Indian Companies Expected to See 8.5% Revenue Growth in Q1 FY27: Report

Mumbai, April 24: Indian companies are projected to experience a revenue growth of 8-8.5% year-on-year in the first quarter of FY27, according to a report released on Friday.

The report by Crisil Intelligence indicates that revenue growth for the fourth quarter of FY26 is expected to be around 8.5-9% year-on-year. This increase is attributed to strong volumes in the automobile and white goods sectors, driven by GST reductions.

However, the report notes that the anticipated decline in revenue for the first quarter of FY27 compared to the fourth quarter of FY26 is due to tensions in West Asia, which could impact demand due to rising prices.

Crisil Intelligence highlighted that the effects of conflict in directly related sectors were already visible during the fourth quarter of FY26. This impact is expected to be more pronounced in the upcoming quarters, particularly in the first two quarters of FY27.

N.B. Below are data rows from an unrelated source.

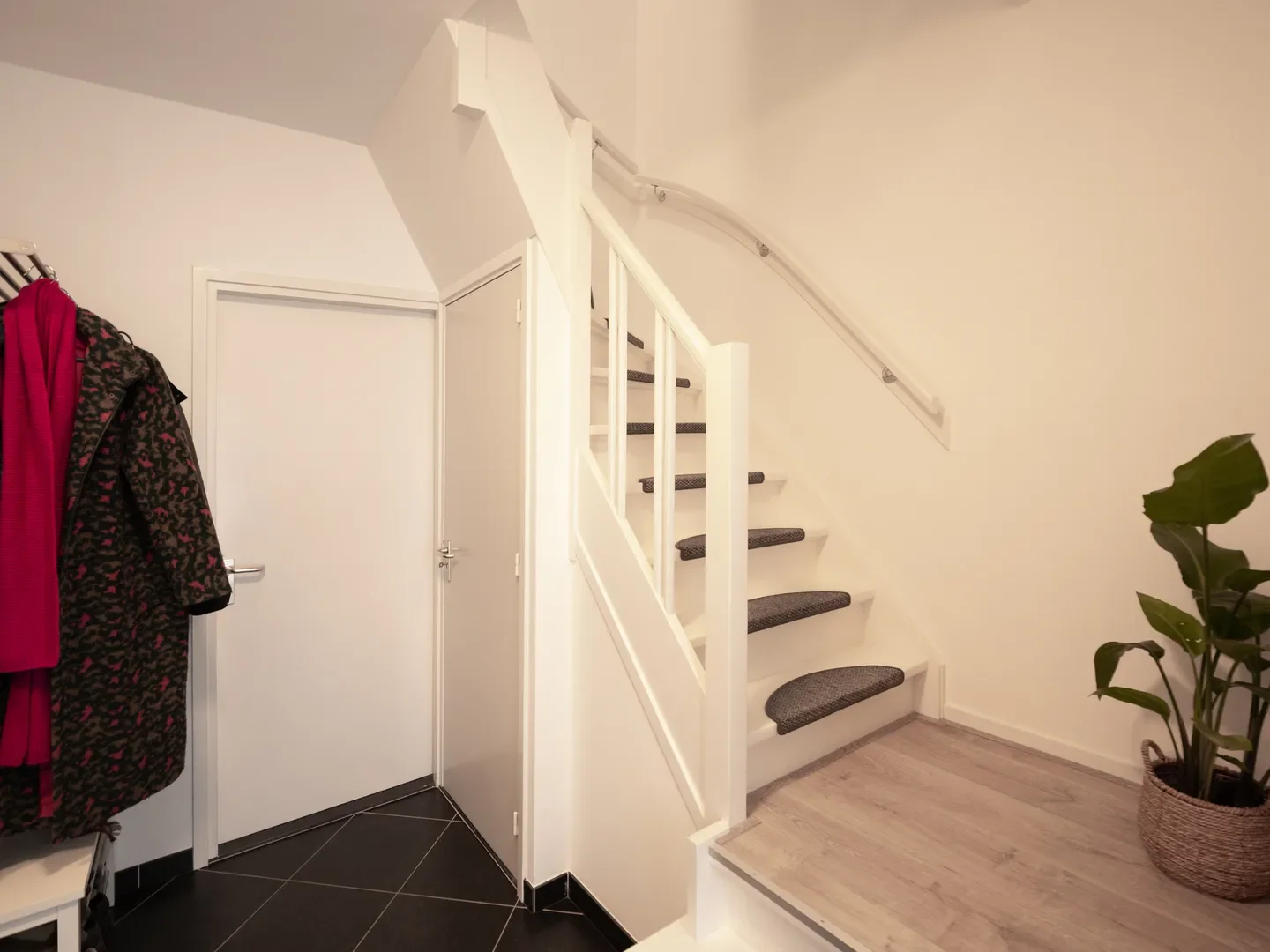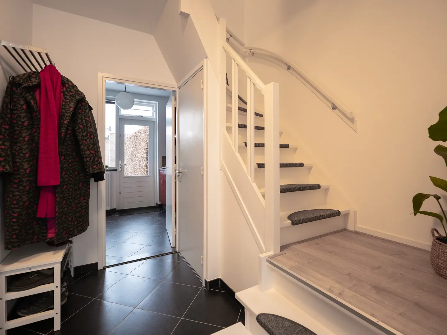 De indeling van de woning bestaat uit een droge kelder van 8m², een hal met gemoderniseerde voorzieningen, en een woonkamer met uitzicht op de tuin. Op de eerste verdieping zijn er drie slaapkamers en een badkamer met vloerverwarming. De zolder is bereikbaar via een vaste trap en biedt extra bergruimte en een vierde slaapkamer.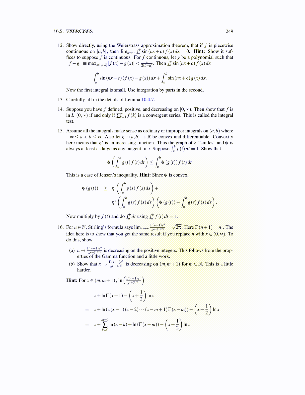 Functions of One Complex VariableIn the nineteenth century, complex analysis developed along with real analysis, the latterbeing the main topic of this book in which one considers functions of one real variable.However, many difficult real improper integrals can be best considered using contour in-tegrals so some introduction to this very important topic is useful. It is not intended to bea full course on complex analysis, just an introduction to some of the main ideas. Cauchywas the principal originator of the study of complex analysis in the early 1800’s. His-torically, the main theorems came from the Cauchy Riemann equations and a version ofGreen’s theorem. The Cauchy Riemann equations are considered later in a problem, butGreen’s theorem is part of multivariable calculus which is not being discussed in this book.However, using the ideas of Goursat (1858-1936) it is possible to present the main theoryin terms of functions of a single variable, this time a single complex variable.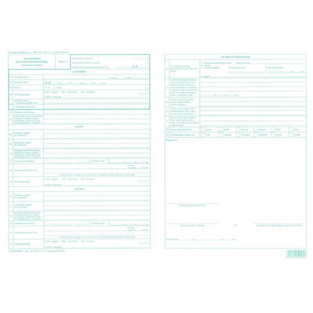Jegyzőkönyv születési bejelentésről 2lap C.0243-69/2015 Katalóguskód: 14522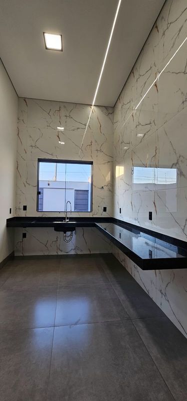 O acabamento é um diferencial: porcelanato em todos os ambientes, nichos com iluminação em LED nos banheiros, cubas sobrepostas em porcelana e pendentes que destacam o bom gosto nos detalhes. Toda a casa é iluminada com LED, desde a sala e cozinha até o corredor e o portão, reforçando o cuidado e a sofisticação em cada espaço.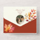 Célébrez votre amour avec cette invitation de mariage automnal rustique présentant des feuilles chaudes de l'automne, une section photo et un code QR pratique pour RSVP. Parfait pour les mariages saisonniers, ce design écologique offre un format plié et envoyé pour un envoi facile.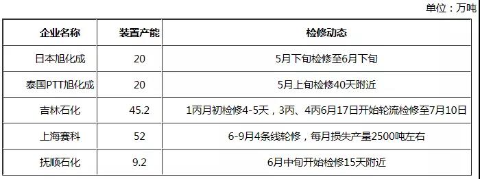 近期部分國(guó)內(nèi)外丙烯腈裝置檢修表
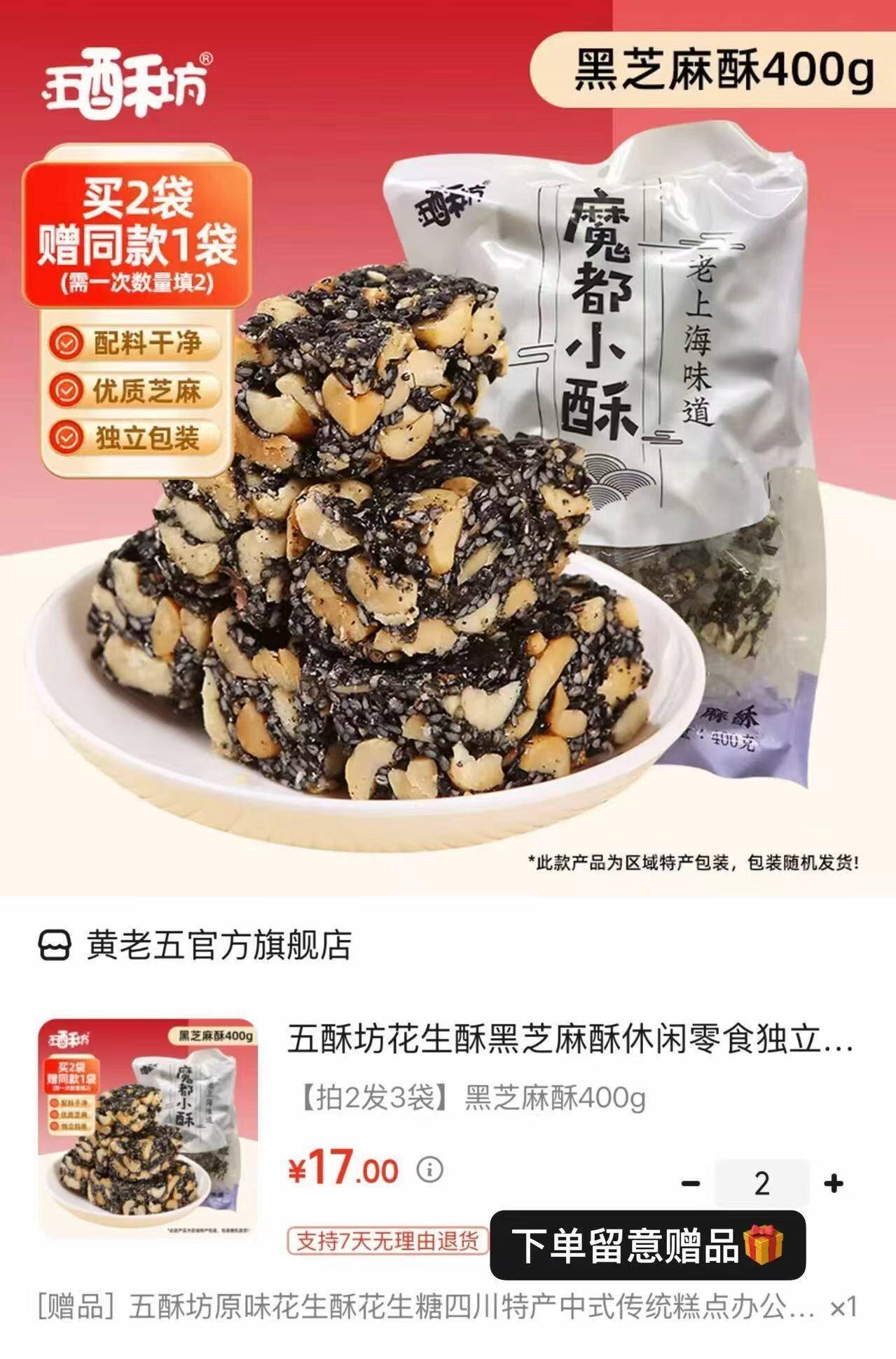 买2件26亓,下単赠同款1袋

The report emphasizes that for India, this region remains crucial in terms of energy, trade, and remittance channels, making the economy particularly sensitive to prolonged disruptions.

India imports nearly 89% of its crude oil needs, with approximately 46% passing through the strategically vital Strait of Hormuz. The country also relies on imports for nearly half of its LPG needs, with over half of these shipments transiting through the same route.

The sensitivity is even higher for liquefied petroleum gas (LPG), where imports meet about two-thirds of domestic demand, with most shipments passing through Hormuz.

In addition to energy, West Asia serves as a significant economic corridor for India, accounting for nearly 13% of goods exports.

The report states that key export sectors, such as gems and jewelry, along with processed food categories like rice and meat, heavily depend on this region.